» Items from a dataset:
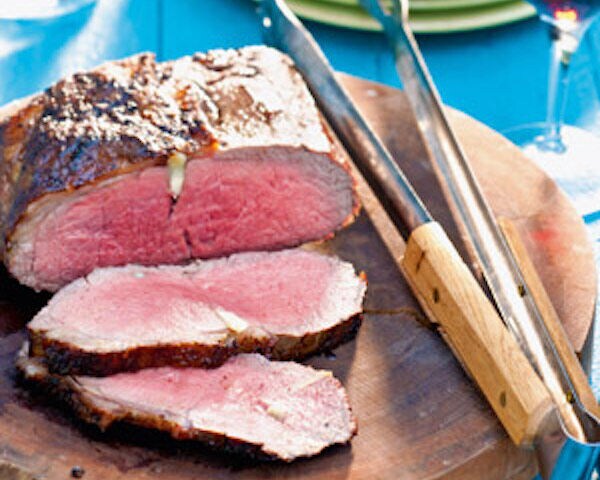 - Haal het vlees van de BBQ, wikkel het in aluminiumfolie en laat het 10 minuten rusten. Snijd het vlees in mooie dikke plakken. Serveer met de chiliboter. Lekker met gepofte aardappel en rode paprika.
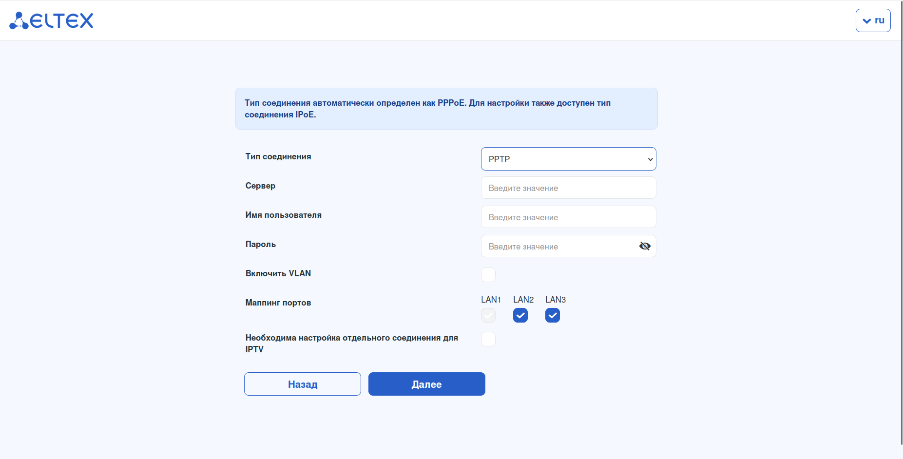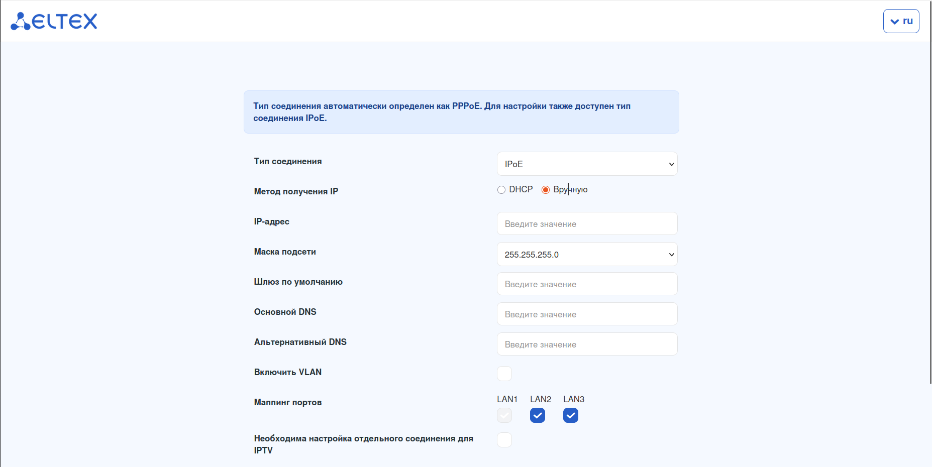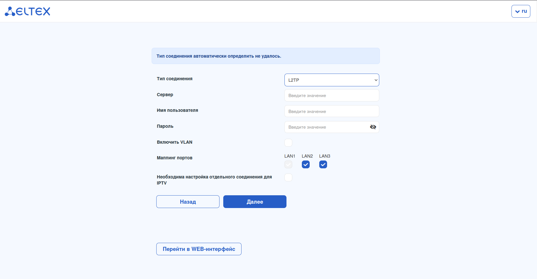 При первом включении маршрутизатора Eltex и подключении сетевого кабеля в WAN-порт требуется указать тип подключения, используемый провайдером.
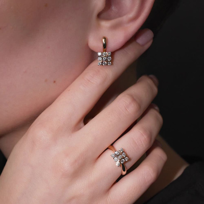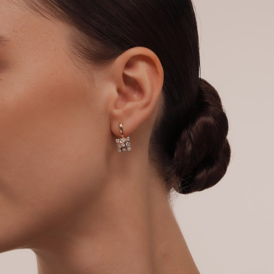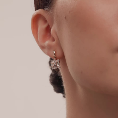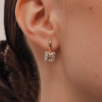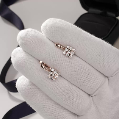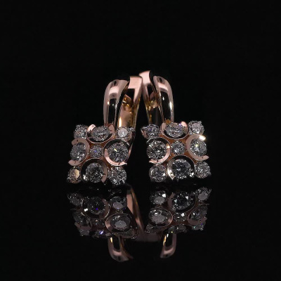 Серьги с 8 бриллиантами природными, 0.63 карат, огранка круг 57 граней, цвет 3, чистота 6, тип огранки А; 8 бриллиантами природными, 0.41 карат, огранка круг 57 граней, цвет 3, чистота 6, тип огранки А; 2 бриллиантами природными, 0.07 карат, огранка круг 57 граней, цвет 3, чистота 6, тип огранки А; Розовое золото 585 пробы.
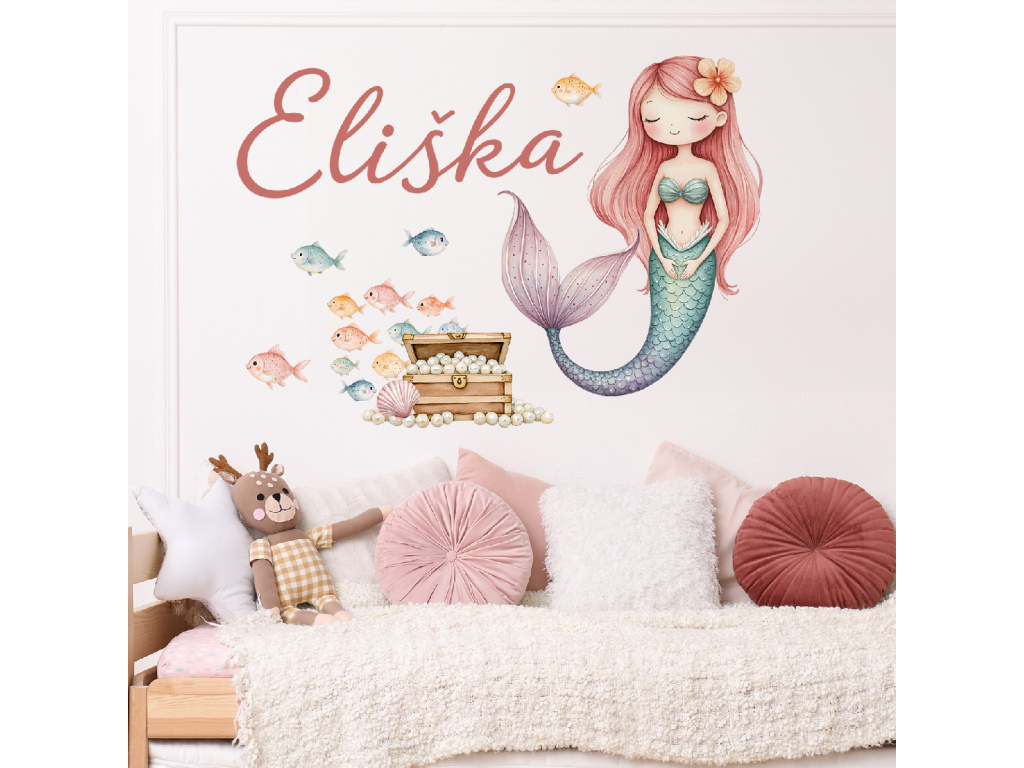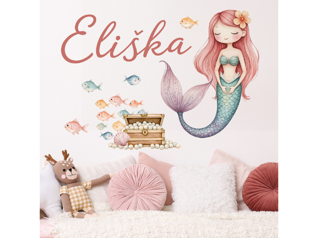 Vytvořte dětský pokoj plný jemné fantazie a pohádkové atmosféry. Samolepka Mořská víla se jménem je krásnou dekorací, která prostor zútulní a zároveň ho promění v kouzelný podmořský svět. Něžná ilustrace víly, rybiček a pokladu působí lehce a harmonicky, takže se hodí do pokojíčku malých i větších slečen.
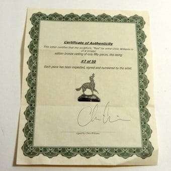 This beautiful, bronze dog looks to be either a Spaniel or a Setter. It is a limited edition bronze by Chris Williams, done early in his career.
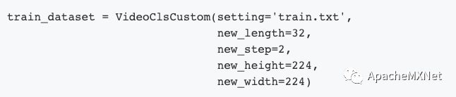 每一行需要提供 3 个信息,分别是视频存放的路径,视频的长度以及视频的类别。如果用户已经将视频抽成了帧也不要紧, 只需要把对应视频路径换成视频帧文件夹的路径即可。比如我们现在要加载一个数据集,要随机从一段视频中抽取一个视频片段,长为 64 帧,隔帧取样,同时调整帧的大小为 224x224。
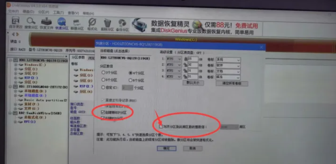 9、記得一定要對齊4k扇區或者2048(一般默認這兩個選項)。PS:切記一定要勾選對齊扇區,不然會導致硬盤損壞,降低使用壽命,嚴重可能會導致數據丟失。
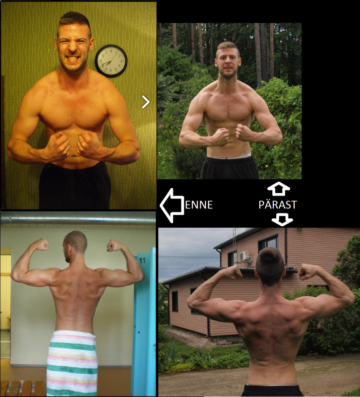 Kava on hea. E,T ja N,R – kolm nädalat raskelt ja nädal 50%. Korralikud baasharjutused. Ei istu mulle kuidagi need masinad ja mulle nagu sobivad ka rohkem vabad raskused. Kindlasti on mul ka masinaid sees, aga vähe ütleks alla 30% kindlasti. Kaloreid jälgin niipalju, et loomsed valgud tuleks min 150g täis ja kaalu jälgin. Põrssaks ei tahaks süüa. Kreatiini võtan mängu sisse ja teen sellise suvetuuri. Loodame jõunäitajate tohutut kasvu ikka
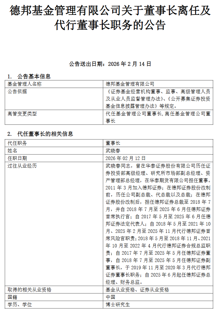 2026-02-24必威官方网站,Betway必威,必威APP下载2月14日,德邦基金发布董事长离任及代行董事长职务公告,经董事会审议,左畅因工作调整不再担任公司董事长,于2月12日离任,现任总经理武晓春已代行公司董事长职务。

» Exercise aim: Every entry above should come back exactly as written, except for its pictures.

» Exercise response:
 - Haal het vlees van de BBQ, wikkel het in aluminiumfolie en laat het 10 minuten rusten. Snijd het vlees in mooie dikke plakken. Serveer met de chiliboter. Lekker met gepofte aardappel en rode paprika.
 При первом включении маршрутизатора Eltex и подключении сетевого кабеля в WAN-порт требуется указать тип подключения, используемый провайдером.
 Серьги с 8 бриллиантами природными, 0.63 карат, огранка круг 57 граней, цвет 3, чистота 6, тип огранки А; 8 бриллиантами природными, 0.41 карат, огранка круг 57 граней, цвет 3, чистота 6, тип огранки А; 2 бриллиантами природными, 0.07 карат, огранка круг 57 граней, цвет 3, чистота 6, тип огранки А; Розовое золото 585 пробы.
 Vytvořte dětský pokoj plný jemné fantazie a pohádkové atmosféry. Samolepka Mořská víla se jménem je krásnou dekorací, která prostor zútulní a zároveň ho promění v kouzelný podmořský svět. Něžná ilustrace víly, rybiček a pokladu působí lehce a harmonicky, takže se hodí do pokojíčku malých i větších slečen.
 This beautiful, bronze dog looks to be either a Spaniel or a Setter. It is a limited edition bronze by Chris Williams, done early in his career.
 每一行需要提供 3 个信息,分别是视频存放的路径,视频的长度以及视频的类别。如果用户已经将视频抽成了帧也不要紧, 只需要把对应视频路径换成视频帧文件夹的路径即可。比如我们现在要加载一个数据集,要随机从一段视频中抽取一个视频片段,长为 64 帧,隔帧取样,同时调整帧的大小为 224x224。
 9、記得一定要對齊4k扇區或者2048(一般默認這兩個選項)。PS:切記一定要勾選對齊扇區,不然會導致硬盤損壞,降低使用壽命,嚴重可能會導致數據丟失。
 Kava on hea. E,T ja N,R – kolm nädalat raskelt ja nädal 50%. Korralikud baasharjutused. Ei istu mulle kuidagi need masinad ja mulle nagu sobivad ka rohkem vabad raskused. Kindlasti on mul ka masinaid sees, aga vähe ütleks alla 30% kindlasti. Kaloreid jälgin niipalju, et loomsed valgud tuleks min 150g täis ja kaalu jälgin. Põrssaks ei tahaks süüa. Kreatiini võtan mängu sisse ja teen sellise suvetuuri. Loodame jõunäitajate tohutut kasvu ikka
 2026-02-24必威官方网站,Betway必威,必威APP下载2月14日,德邦基金发布董事长离任及代行董事长职务公告,经董事会审议,左畅因工作调整不再担任公司董事长,于2月12日离任,现任总经理武晓春已代行公司董事长职务。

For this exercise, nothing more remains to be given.